▸ WHAT YOU ARE ASKED TO DO:
Nothing is needed except the lines below that run from the one with "本次斩获品牌娱乐营销类金奖的,是 引力传媒 携手" through the one with "Prenons l'exemple d'une", repeated exactly.

▸ AVAILABLE DATA:

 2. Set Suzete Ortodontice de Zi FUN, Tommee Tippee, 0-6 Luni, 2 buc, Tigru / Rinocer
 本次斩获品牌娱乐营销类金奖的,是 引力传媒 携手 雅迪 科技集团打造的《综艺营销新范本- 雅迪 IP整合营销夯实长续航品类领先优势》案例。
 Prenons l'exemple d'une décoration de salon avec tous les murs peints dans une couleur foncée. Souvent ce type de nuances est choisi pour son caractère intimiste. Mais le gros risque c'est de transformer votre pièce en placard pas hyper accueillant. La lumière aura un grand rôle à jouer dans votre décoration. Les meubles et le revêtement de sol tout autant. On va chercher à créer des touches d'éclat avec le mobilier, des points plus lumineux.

* * *

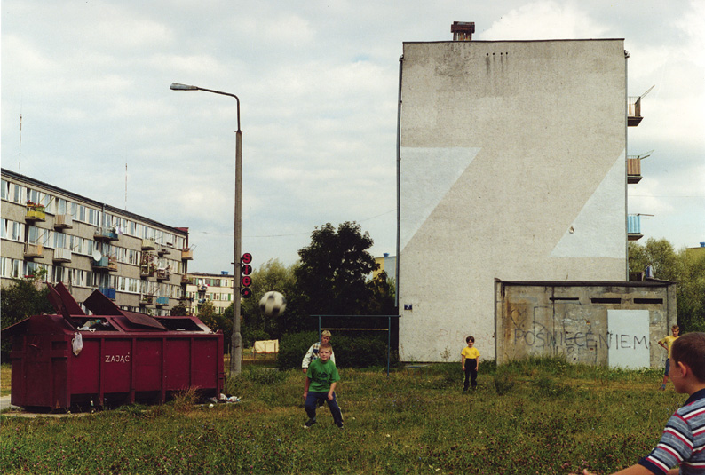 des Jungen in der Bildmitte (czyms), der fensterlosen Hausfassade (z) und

...

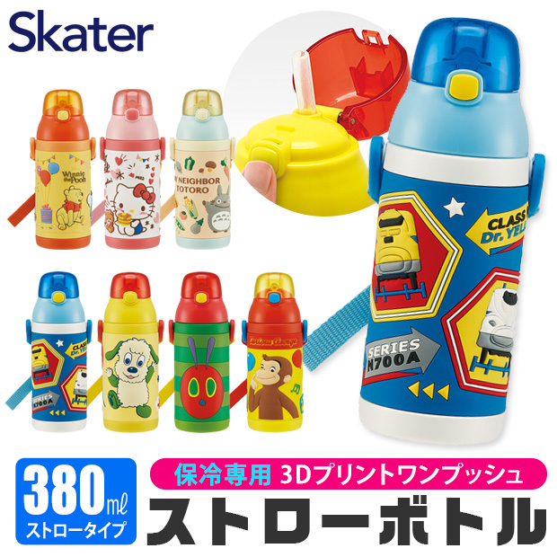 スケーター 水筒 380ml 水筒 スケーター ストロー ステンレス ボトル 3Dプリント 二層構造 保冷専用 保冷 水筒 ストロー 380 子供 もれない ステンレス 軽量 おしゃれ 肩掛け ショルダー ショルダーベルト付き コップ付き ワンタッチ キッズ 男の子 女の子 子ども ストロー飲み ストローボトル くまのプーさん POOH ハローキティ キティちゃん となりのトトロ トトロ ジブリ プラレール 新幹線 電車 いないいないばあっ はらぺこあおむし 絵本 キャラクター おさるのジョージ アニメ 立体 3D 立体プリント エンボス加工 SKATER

▸ RESPONSE:
 本次斩获品牌娱乐营销类金奖的,是 引力传媒 携手 雅迪 科技集团打造的《综艺营销新范本- 雅迪 IP整合营销夯实长续航品类领先优势》案例。
 Prenons l'exemple d'une décoration de salon avec tous les murs peints dans une couleur foncée. Souvent ce type de nuances est choisi pour son caractère intimiste. Mais le gros risque c'est de transformer votre pièce en placard pas hyper accueillant. La lumière aura un grand rôle à jouer dans votre décoration. Les meubles et le revêtement de sol tout autant. On va chercher à créer des touches d'éclat avec le mobilier, des points plus lumineux.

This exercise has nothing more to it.